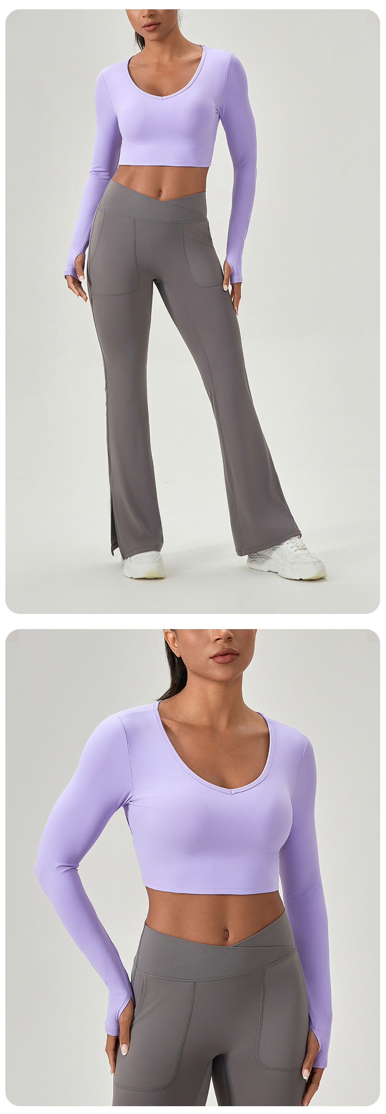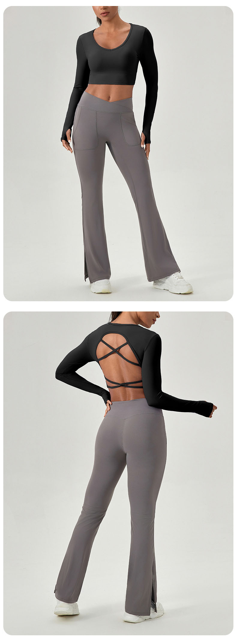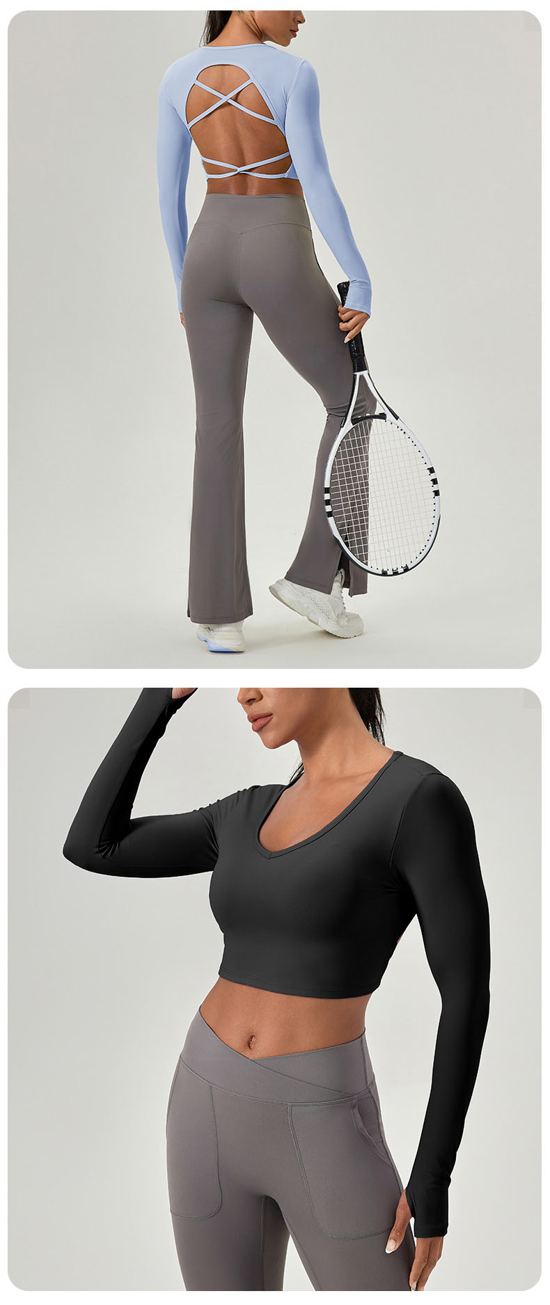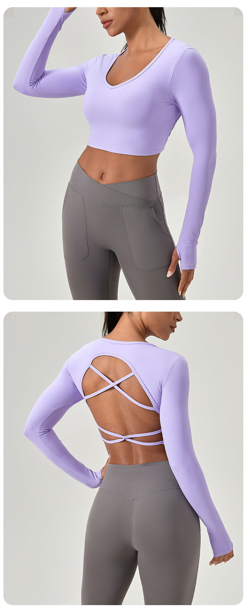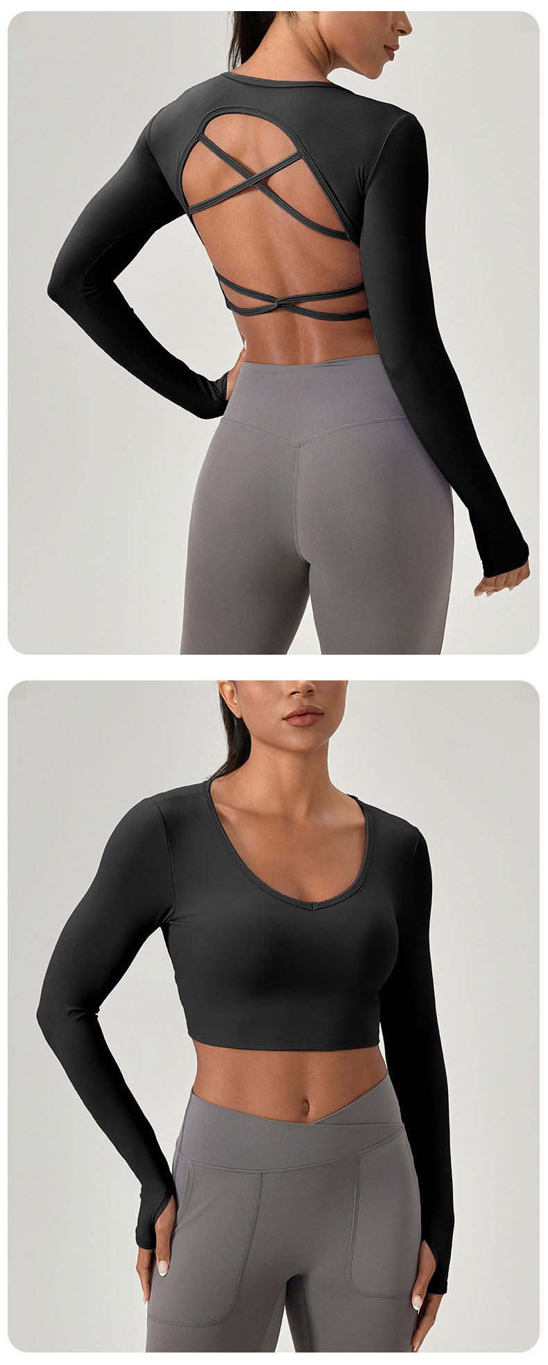 跃牌【欲动春风】系列 紧身长袖瑜伽服带胸垫交叉美背运动上衣52560
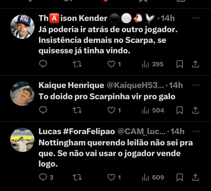 Diante disso, após essa reviravolta, a torcida do Galo se dividiu sobre a insistência no meia: (SIC) “Já poderia ir atrás de outro jogador. Insistência demais no Scarpa, se quisesse já tinha vindo”; “Nottingham querendo leilão não sei para que. Se não vai usar o jogador vende logo”, foram alguns comentários.
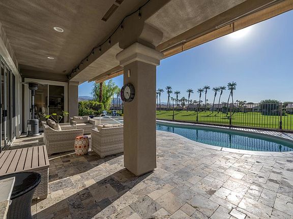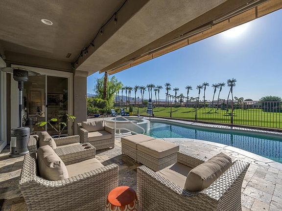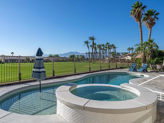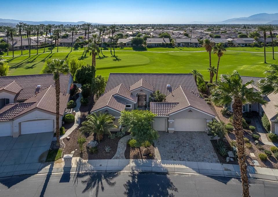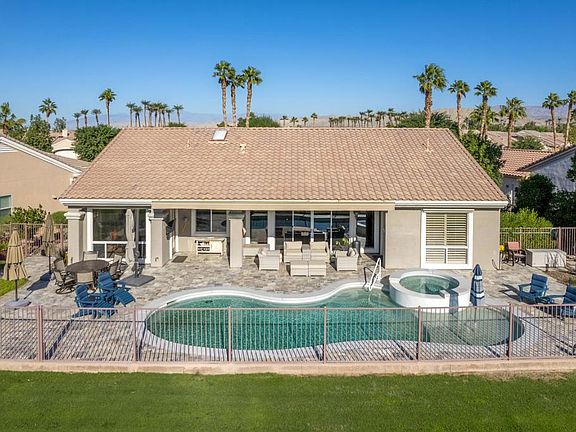 Sun City Palm Desert - Monaco. Beautifully upgraded inside and out this estate model home is one of the best. The south facing year yard provides panoramic golf course and mountain views and features a salt-water, pebbletec pool and spa. A spacious Turkish travertine patio, lush desert landscaping and electric awning make the year ideal for leisure or entertaining. There is curb appeal is immediately noticeable with an updated paint scheme, paver hardscape and leaded glass front doors. Inside, 24x24in tile is throughout. Contemporary fans and lighting are throughout. All bedrooms have plantation shutters. All bathrooms have quartz counters, upgraded sinks & fixtures. The greatroom has a 12ft ceiling and double slider to the rear patio. The chef's kitchen features quartz counters, a huge island with breakfast bar, stainless appliances & single basin sink, under cabinet lighting and pantry. The extended primary suite has a slider to the rear patio & huge walk-in closet with built-ins. The primary suite bathroom has dual sinks, a stall shower & oversized tub. The extended guest suite has French doors to the courtyard. The other guest suite is currently being used as an office. Its bathroom has a custom tile shower. A spacious bonus room is great for crafts or an office. The extended 2+ golf cart garage has an epoxy floor, overhead and hanging rack storage. Dual AC and the water heater are new within 4 years.
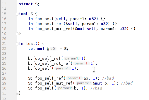 S::foo_self_mut_ref(&mut b, 1); //bad
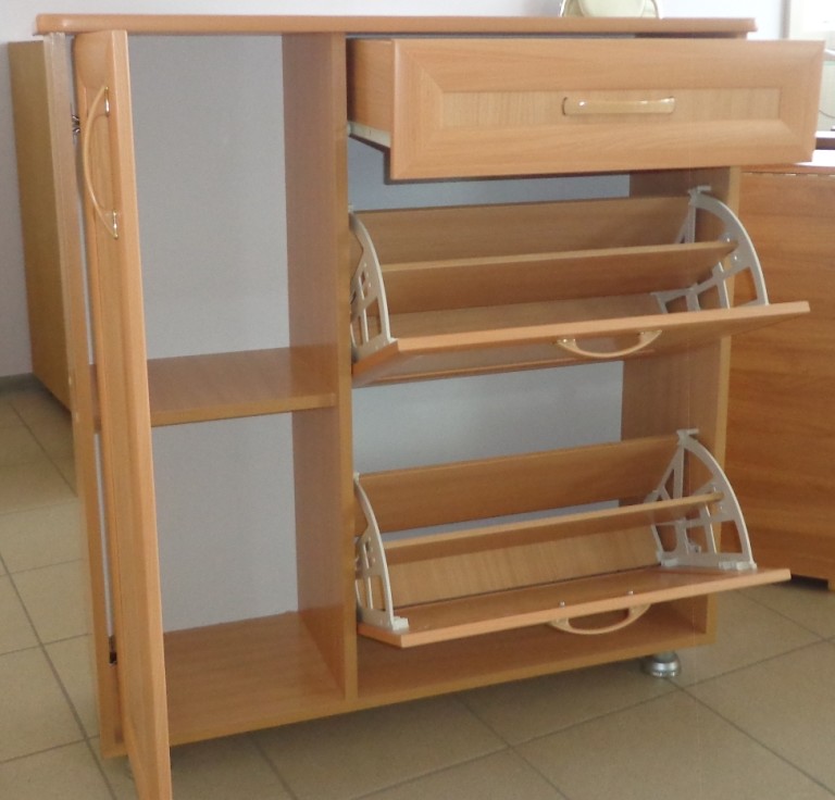 سيؤدي شراء منتج مع أدلة وآلية قابلة للطي إلى تبسيط مهمة تخزين الأحذية في الرواق. شراء الملحقات بشكل منفصل ، سوف تكون قادرة على صنع خزانة ملابس مريحة من اللوح نفسك.
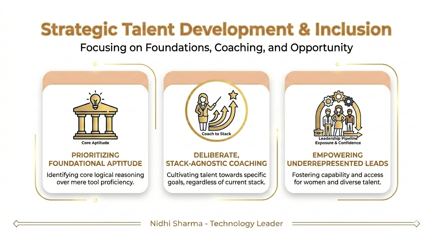 Great teams are not hired — they are built. Over ten years leading globally distributed engineering teams, I have developed 170+ technology professionals through a simple but powerful philosophy: hire for aptitude, coach for everything else.
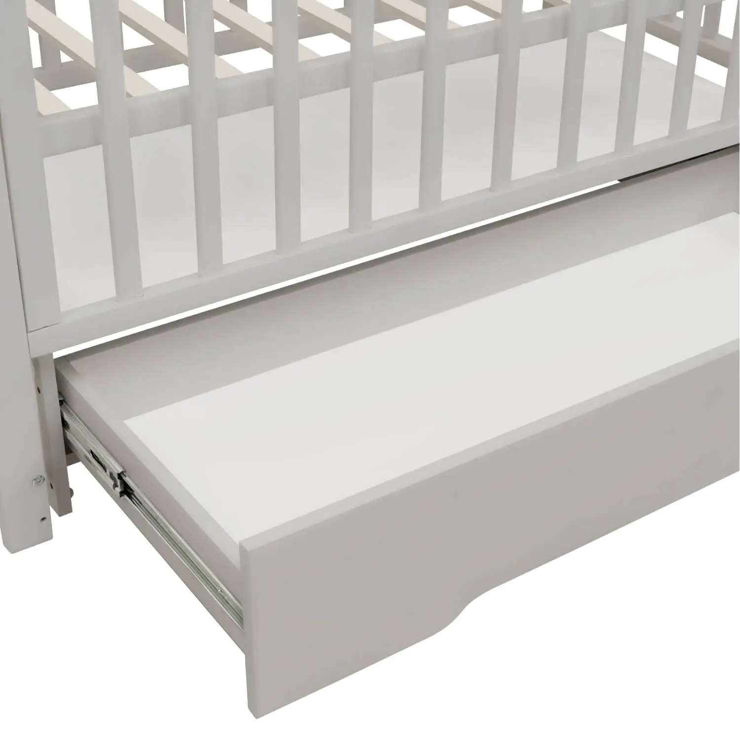 - Закрытый ящик с доводчиком: удобен для хранения постельного белья и детских аксессуаров. Внутренний размер: 105×42,5×9,5 см.
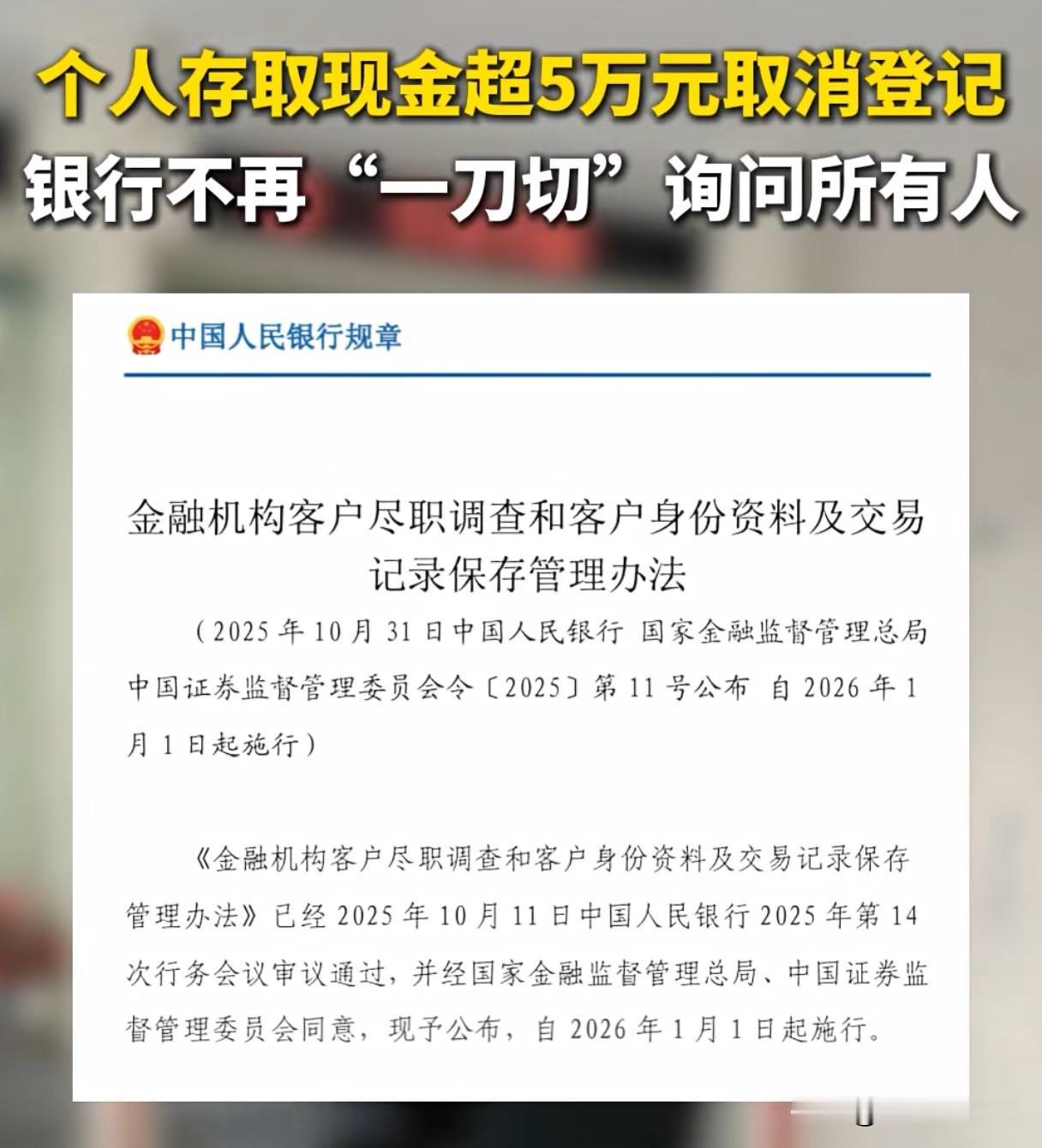 “五万元存取终于自由了”!2026年1月1日起,个人存取现金超5万元不再“一刀切”登记问询,但如果是出现较高洗钱风险时依然会被“强化调查”。 以前我们去银行存取5万元现金,可能还要被各种问询,让人心里五味杂陈。从新年伊始,对大家取钱自由捆绑式的限制行为也算是成为历史了! 很多网友表示:早就该如此了,银行管控那么严格,为啥骗子还会从银行取走那么多钱。大家已经不关注这个问题了,请问,去银行存款,然后被银行工作人员盗用,这事应该找谁负责,或者说找谁要回来。是不是应该银行赔付用户,然后由银行追回来? 不过现在的银行还有个毛病需要继续优化才行!包括四大银行都是如此,也很让人反感!如果你的银行有笔存款,如果一个月两个月不动账,就各种短信“轰炸”提醒要求你向同名账户转账动账一次,以避免冻结!这又是为何?每次我收到这样的短信都很烦,真想把银行卡里的钱都取出来了!大家有没有同样的情况呢? 个人存取款 银行取钱新规定 银行取款新规 存款取款新规
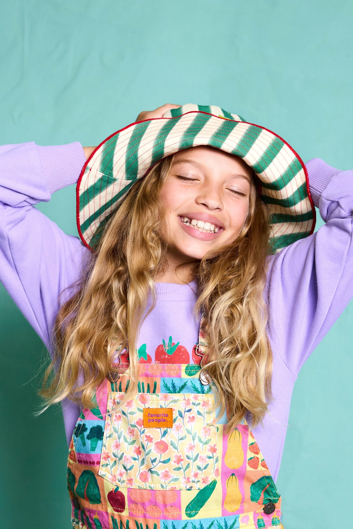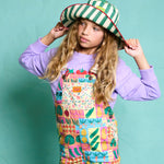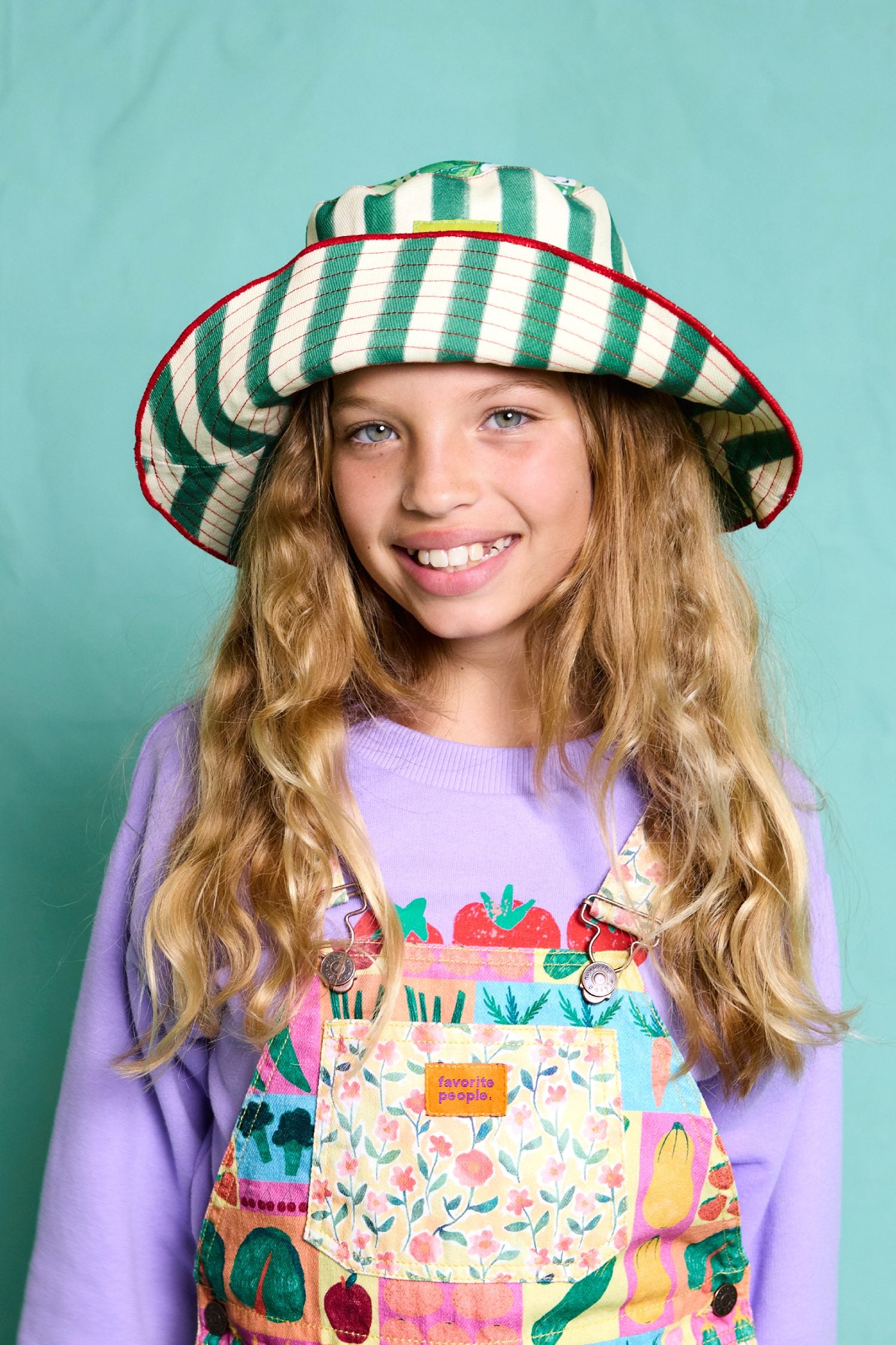 Finish off any outfit and keep them shaded with this eye-catching kids bucket hat in green and white stripes. Lightweight and fully lined for comfort, it’s an easy, everyday summer essential. Pair with our matching baby dungaree romper or kids short dungarees for an adorable summer outfit.
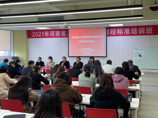 2021年10月25日下午,河南省三类特殊教育课程标准培训班第六期开班典礼在郑州市管城区向阳广场如期举行。郑州师范学院特殊教育学院书记申培新,特殊教育学院副院长李玉向,河南省特殊教育协会副秘书长、河南省课程发展联盟办公室主任胡晓玉,河南省课程发展联盟继续教育中心主任陈希,培训班班主任范海盈、汪明友,以及来自全省各地市县区特殊教育学校的61位参培教师出席开班典礼,此次典礼由李玉向院长主持,申培新书记致辞。
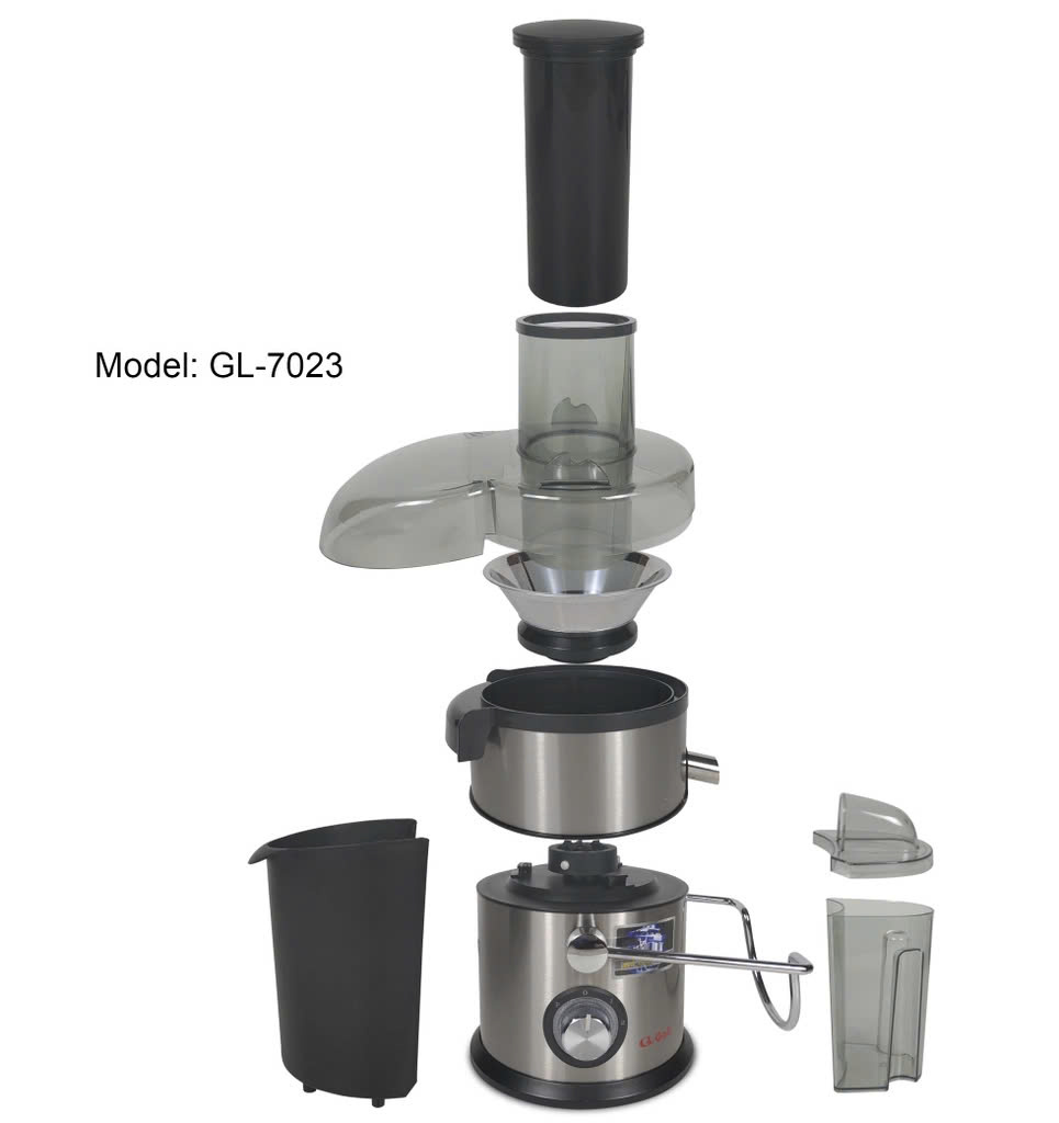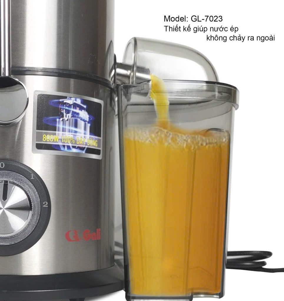 - Máy ép trái cây GL-7023 kiểu dáng hiện đại phù hợp mọi gia đình, điểm kinh doanh. Máy có thể tạo ly nước ép chỉ trong vài giây, ít bị tắc, ít tạo bọt, giữ được tinh chất của các loại trái cây.

──────────

What the reply must contain is an exact transcription of the data above and none of its pictures.

 跃牌【欲动春风】系列 紧身长袖瑜伽服带胸垫交叉美背运动上衣52560
 Diante disso, após essa reviravolta, a torcida do Galo se dividiu sobre a insistência no meia: (SIC) “Já poderia ir atrás de outro jogador. Insistência demais no Scarpa, se quisesse já tinha vindo”; “Nottingham querendo leilão não sei para que. Se não vai usar o jogador vende logo”, foram alguns comentários.
 Sun City Palm Desert - Monaco. Beautifully upgraded inside and out this estate model home is one of the best. The south facing year yard provides panoramic golf course and mountain views and features a salt-water, pebbletec pool and spa. A spacious Turkish travertine patio, lush desert landscaping and electric awning make the year ideal for leisure or entertaining. There is curb appeal is immediately noticeable with an updated paint scheme, paver hardscape and leaded glass front doors. Inside, 24x24in tile is throughout. Contemporary fans and lighting are throughout. All bedrooms have plantation shutters. All bathrooms have quartz counters, upgraded sinks & fixtures. The greatroom has a 12ft ceiling and double slider to the rear patio. The chef's kitchen features quartz counters, a huge island with breakfast bar, stainless appliances & single basin sink, under cabinet lighting and pantry. The extended primary suite has a slider to the rear patio & huge walk-in closet with built-ins. The primary suite bathroom has dual sinks, a stall shower & oversized tub. The extended guest suite has French doors to the courtyard. The other guest suite is currently being used as an office. Its bathroom has a custom tile shower. A spacious bonus room is great for crafts or an office. The extended 2+ golf cart garage has an epoxy floor, overhead and hanging rack storage. Dual AC and the water heater are new within 4 years.
 S::foo_self_mut_ref(&mut b, 1); //bad
 سيؤدي شراء منتج مع أدلة وآلية قابلة للطي إلى تبسيط مهمة تخزين الأحذية في الرواق. شراء الملحقات بشكل منفصل ، سوف تكون قادرة على صنع خزانة ملابس مريحة من اللوح نفسك.
 Great teams are not hired — they are built. Over ten years leading globally distributed engineering teams, I have developed 170+ technology professionals through a simple but powerful philosophy: hire for aptitude, coach for everything else.
 - Закрытый ящик с доводчиком: удобен для хранения постельного белья и детских аксессуаров. Внутренний размер: 105×42,5×9,5 см.
 “五万元存取终于自由了”!2026年1月1日起,个人存取现金超5万元不再“一刀切”登记问询,但如果是出现较高洗钱风险时依然会被“强化调查”。 以前我们去银行存取5万元现金,可能还要被各种问询,让人心里五味杂陈。从新年伊始,对大家取钱自由捆绑式的限制行为也算是成为历史了! 很多网友表示:早就该如此了,银行管控那么严格,为啥骗子还会从银行取走那么多钱。大家已经不关注这个问题了,请问,去银行存款,然后被银行工作人员盗用,这事应该找谁负责,或者说找谁要回来。是不是应该银行赔付用户,然后由银行追回来? 不过现在的银行还有个毛病需要继续优化才行!包括四大银行都是如此,也很让人反感!如果你的银行有笔存款,如果一个月两个月不动账,就各种短信“轰炸”提醒要求你向同名账户转账动账一次,以避免冻结!这又是为何?每次我收到这样的短信都很烦,真想把银行卡里的钱都取出来了!大家有没有同样的情况呢? 个人存取款 银行取钱新规定 银行取款新规 存款取款新规
 Finish off any outfit and keep them shaded with this eye-catching kids bucket hat in green and white stripes. Lightweight and fully lined for comfort, it’s an easy, everyday summer essential. Pair with our matching baby dungaree romper or kids short dungarees for an adorable summer outfit.
 2021年10月25日下午,河南省三类特殊教育课程标准培训班第六期开班典礼在郑州市管城区向阳广场如期举行。郑州师范学院特殊教育学院书记申培新,特殊教育学院副院长李玉向,河南省特殊教育协会副秘书长、河南省课程发展联盟办公室主任胡晓玉,河南省课程发展联盟继续教育中心主任陈希,培训班班主任范海盈、汪明友,以及来自全省各地市县区特殊教育学校的61位参培教师出席开班典礼,此次典礼由李玉向院长主持,申培新书记致辞。
 - Máy ép trái cây GL-7023 kiểu dáng hiện đại phù hợp mọi gia đình, điểm kinh doanh. Máy có thể tạo ly nước ép chỉ trong vài giây, ít bị tắc, ít tạo bọt, giữ được tinh chất của các loại trái cây.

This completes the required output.